When most people think of eels, they immediately turn their thoughts to the ocean. Perhaps, even, to the “electrical” variety. But there was a time in this country when eels inhabited nearly every river and stream east of the Mississippi. The American eel spawns in a region of the Atlantic Ocean called the Sargasso Sea. In its larval phase, it’s carried by ocean currents to the Eastern U.S. coast. It matures along the way and, upon reaching South Carolina, or Maryland, or the St. Lawrence Seaway, it is able to swim up into freshwater environments to live out most of its adult life.

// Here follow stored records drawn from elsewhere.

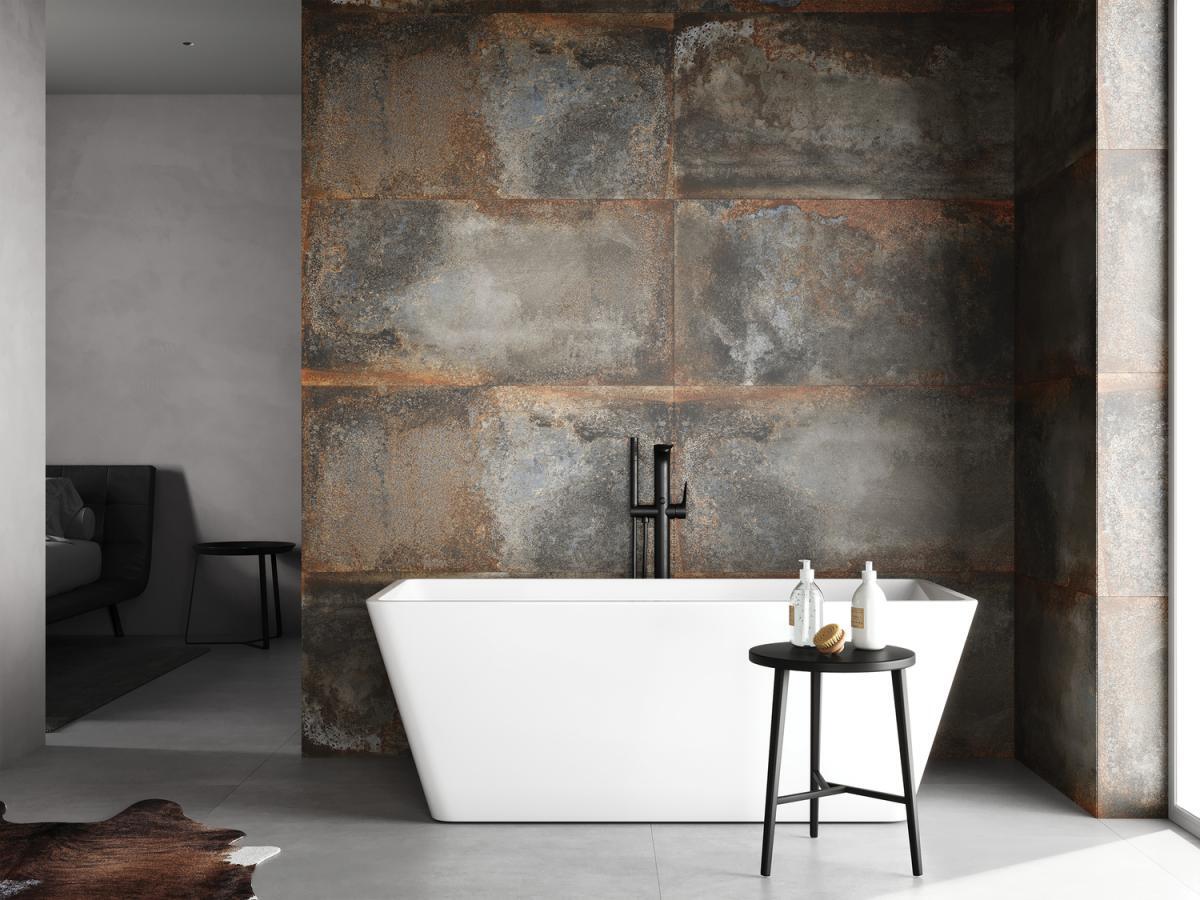 Дизайнеры обыграли тему сочетания камня и металла в коллекции Rustico. Керамогранит с текстурой металла, слегка задетого коррозией, под другим углом можно увидеть и как имитацию камня со следами времени. На самом же деле такая плитка помогает создать стильные, нетривиальные интерьеры с уникальным урбанистичным характером и смелым духом. Глубину рисунку придаёт карвинг.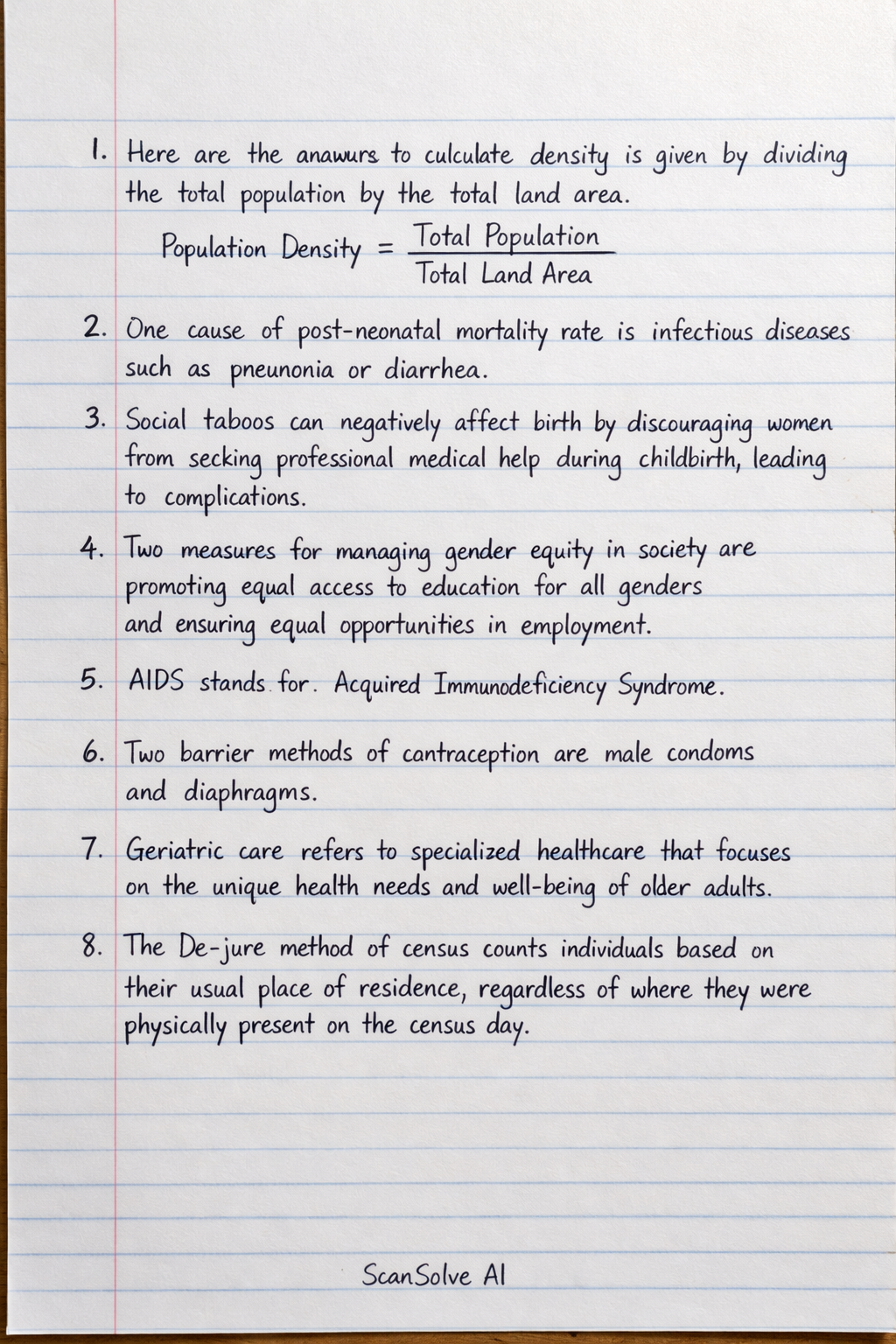 1. The formula to calculate population density is given by dividing the total population by the total land area.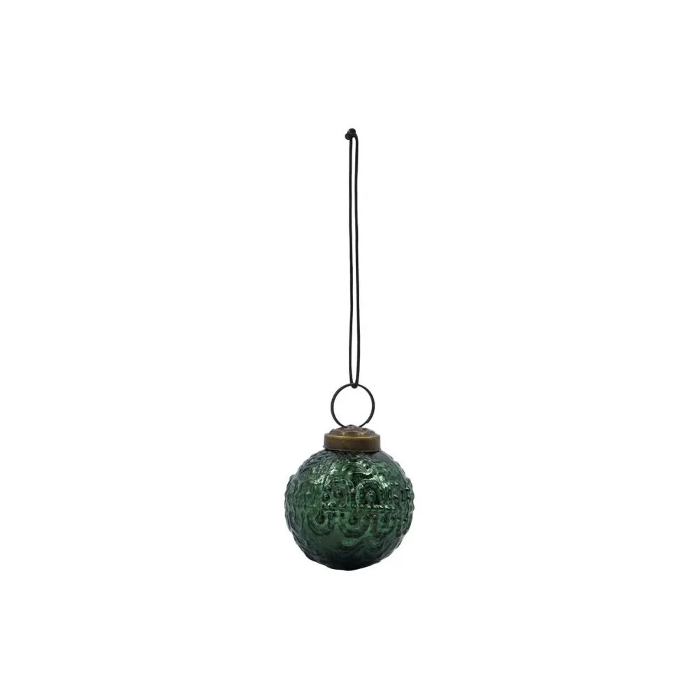 Kugleformet ornament, der forener klassisk skønhed med vintage-inspireret charme. Julekuglen er håndlavet og dekoreret med et elegant mønster, der reflekterer lyset på smukkeste vis. Ornamentet tilfører varme, tradition og finesse til enhver juleudsmykning – ideel til både juletræet, guirlanden eller en dekorativ.

This makes the eel, catadromous – in a reverse of the salmon life history, it makes its pilgrimage to be born and to die out at sea, rather than at the headwaters of a freshwater river.
The American eel was once a staple food of native Great Lakes tribes and it’s estimated that the eel once made up nearly half the fish biomass in Lake Ontario.
But the most prolific fish no one’s ever heard of is now a rare sight in any U.S. waters. A recent story in the Chesapeake Bay Journal explains why.
Another good story from our neighbors up north ran a few years ago in the Canadian magazine, The Walrus.
A cliche among stories of endangered organisms is that “you don’t know what you’ve got til it’s gone.” The story of the American eel may unfortunately be one where no one ever knew what they had.